Come un artista usa il suo gesso, olio o acquerelli, Magdanz vorrà usare la fotocamera più adatta. Che si tratti della piccola, quasi invisibile Minox C o della robusta e vistosa fotocamera a piastra posteriore, ogni scatto, ogni soggetto richiede la propria tecnica e anche il formato: Magdanz ha realizzato ingrandimenti che riempiono un metro quadrato. Poi prosegue su eventuali differenze fino alla presentazione. Applica gli stessi elevati standard a ogni immagine, così come alla qualità del progetto completato, ai suoi ingombranti album fotografici che prendono vita mostrando contrasti tra piccolo e grande, calmo e movimento, natura e persone, e grande cura si riflette nei titoli delle immagini. Anche la qualità della carta, la rilegatura e l'edizione sono importanti per completare il progetto.
Lui desidera raggiungere credibilità, autenticità — niente di artificiale. Andreas Magdanz è un fotografo dell'ovvio e della sensualità. Si avvicina all'immagine con fotografie morbide, equilibrate e intime. Cambia molto poco e lascia che la luce, come l'anima della fotografia, abbia la propria forza, senza ridurla a una semplice funzione di prerequisito tecnico inevitabile. Conferisce autorità e significato alla luce disponibile così come al soggetto. Per onestà, vengono usati solo pochi effetti di riempimento della luce e quasi mai un flash: gli arrangiamenti, le pose e le manipolazioni non sono in primo piano. Per questo motivo, Andreas Magdanz è uno dei pochi fotografi che rinuncia agli effetti a buon mercato e che, al contrario, cerca di lasciare spazio all'immaginazione e alla memoria degli osservatori.

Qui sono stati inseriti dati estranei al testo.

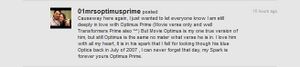 - It's any Optimus voiced by Peter Cullen. That's her thing now. Are you butthurt?

No, non ha mai scattato una foto di sé stesso, almeno una che possa essere mostrata, dice Andreas Magdanz. Tuttavia, ce n'è una: scattata durante il suo tour fotografico in bicicletta attraverso l'Eifel. La sua ombra sulla strada mentre pedala. È ovvio che non sia molto interessato a fotografare il suo volto. Semplicemente, perché non è ancora soddisfatto di sé, delle circostanze o del suo lavoro. Parla continuamente del suo amore per la natura e, tuttavia, le sue fotografie di persone sono molto più intense e a volte i suoi ritratti di persone al lavoro o nel loro luogo di lavoro sono addirittura mozzafiato: un negozio in Irlanda, donne al lavoro in una fabbrica di cioccolato, il padre in un monastero, un negozio a Monschau chiamato Egypt Basar. C'è solo una foto di sé stesso che gli piace davvero, e questa si trova in un video. Questo video è stato girato come sottoprodotto dal suo professore Wilhelm Schürmann e mostra come è lui, senza luci particolari o effetti speciali.